SAN FRANCISCO—When Yahoo! announced last year that it had lost $42 million reviving NBC’s TV series Community and launching two other original shows, the company framed it as a failed experiment. It didn’t work, so Yahoo! was cutting its losses.
But those in the entertainment industry were scratching their heads: How could the company call it quits without spending more?
Netflix, after all, had spent $100 million on its first attempt at original programming—two seasons of House of Cards. Amazon spent $3 billion last year on content for its Prime video- and-music-streaming service, double what it spent in 2014.
“This is a go big or go home business,” said Brian Wieser, an analyst with Pivotal Research Group. “Call me when you’ve invested $4.2 billion in content, then it gets interesting.”
Everyone else
YAHOO!’S comparably small expenditure differs from the strategy embraced by the companies that dominate streaming entertainment. But those familiar with the Sunnyvale, California, firm say it illustrates a recurring stumbling block.
The firm has long struggled with its identity, flip-flopping between its roots as a technology company and its ambitions of becoming a media giant.
With the company now up for sale—Yahoo! is reportedly looking at a second round of bids sometime this month—it’s still unclear, after all these years, what Yahoo! really is.
Yahoo! started as a guide to the Internet, steering early explorers of the World Wide Web to the most interesting sites around. As the Internet matured, Yahoo! grew into a portal, offering search, e-mail, news, entertainment and anything else around, which it could sell advertising. But when the portal model fell out of favor, firms like Yahoo! struggled to adapt.
Newcomers have since eclipsed nearly every facet of Yahoo!’s tech business. Google long ago won search. For nearly a decade, Facebook has owned social. Everyone else won mobile.
Pivoting elsewhere
MEDIA has been the place where Yahoo! has staked, and then retracted, its claim.
The company has Yahoo! Finance and News–long-running web sites that for years have drawn huge amounts of traffic (the company’s collective web sites drew 205 million visitors in March this year, according to ComScore, putting Yahoo! behind only Google’s sites and Facebook).
But each of Yahoo!’s attempts to grow beyond that—to be a hub for original scripted entertainment—have ended with it pulling back and pivoting elsewhere.

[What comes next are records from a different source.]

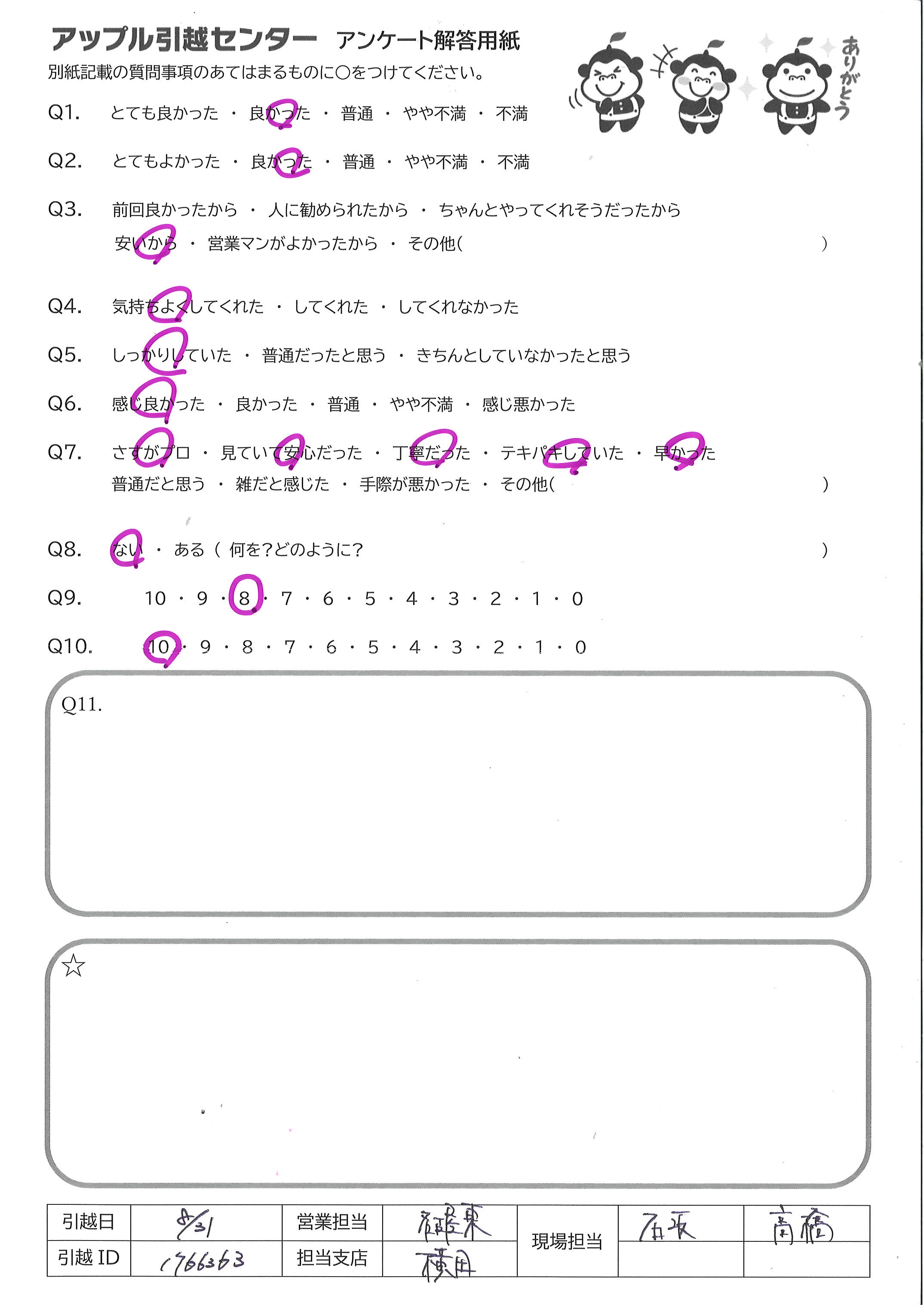 アップル引越センターでは、面映いお褒めの言葉も、胸に突き刺さるお叱りのコメントも、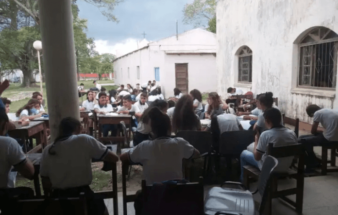 Ahora con el inicio de las clases, alumnos y profesores se arreglaron debajo de árboles con 43 grados de temperatura para poder empezar.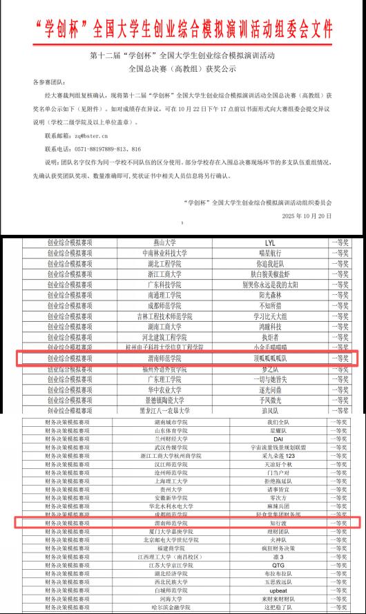 近日,第十二届“学创杯”全国大学生创业综合模拟大赛全国总决赛在成都理工大学落下帷幕。由我校经济与管理学院派出的创业综合赛道 “顶呱呱呱呱队”和财务决策赛道“知行渡队”团队,在历经半年多时间锤炼和打磨,通过省赛、全国半决赛的层层选拔,最终从全国1500多所高校30万余支队伍中脱颖而出,均获全国总决赛一等奖。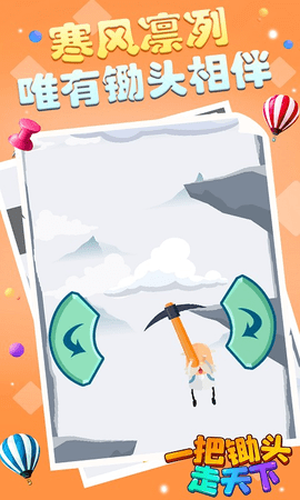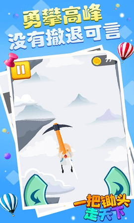 在一把锄头走天下游戏中,你将扮演一个留着白胡子的老人。您将使用锄头完成登山和登山挑战。玩家需要在游戏中使用锄头的力量钩住凸起的石头,从而获得向上攀爬并逐渐爬到最高点的力量!每次你爬到一定的高度,都是非常具有挑战性的。游戏非常简单。在这里消磨时间是合适的。你可以在各种雪山之间进行极限攀爬,勇敢前行。

“Yahoo! had the ability to be a transformational media company,” said Peter Csathy, chief executive of consulting firm Manatt Digital. “It has all the assets you’d need to be successful—massive reach, globally known brand, some high-quality content and a sales team that has been effective—but it was never able to tie those pieces together.”
Television-style
IN 2004 the company hired former ABC executive Lloyd Braun to head up its media group, which was tasked with creating original programming that could give Hollywood a run for its money.
Braun, who had green-lighted shows such as Lost, Desperate Housewives and Grey’s Anatomy at ABC, helped Yahoo! launch original programming, such as the daily video-compilation show The 9 and the multimedia web site Kevin Sites in the Hot Zone.
But within two years, the company changed course. Its foray into television-style programming was now described by Braun in an interview with the New York Times as being “salt and pepper on the meal” as opposed to Yahoo!’s main attraction. Instead of creating its own content, it would lean on other media companies and content generated by users.
Shortly after that, Braun left the company. He declined to be interviewed for this story.
Multipronged
YAHOO!’S most recent attempt at entertainment media came after Chief Executive Marissa Mayer joined the company in 2012.
With revenue declining and mounting pressure from Wall Street to show financial and user growth, Mayer implemented a multipronged-turnaround strategy that has included work-force cuts; product launches; a revamped e-mail app; investments in mobile, social and advertising; and a $1.1-billion acquisition of Tumblr.
A key part of her strategy was a return to entertainment media.
Mayer hired news anchor Katie Couric on a $10 million-a-year contract, secured an exclusive live-streaming deal with the NFL and committed funding to original programming: the revival of Community and two new series, Sin City Saints and Other Space. A year later, all three shows were canceled.
World passed
In January Yahoo! shut down its video portal, Yahoo! Screen, and Mayer announced that the company was shifting away from original scripted content.
But Yahoo! kept Couric, now on a $15-million contract, even though its news web site remained a hodgepodge of links to other news providers.
And it kept four digital magazines—with a focus on news, sports, finance and lifestyle—while shutting down the rest. It launched an e-sports portal this year.
Yahoo! insiders can point to a handful of smart bets the company has made—an exclusive licensing deal with Saturday Night Live, NFL streaming, live music streaming for instance. But its aversion to risk, they say, meant it always pulled back before it could see results.
“Ultimately, Yahoo! had this opportunity,” Csathy said. “And the world passed it by.”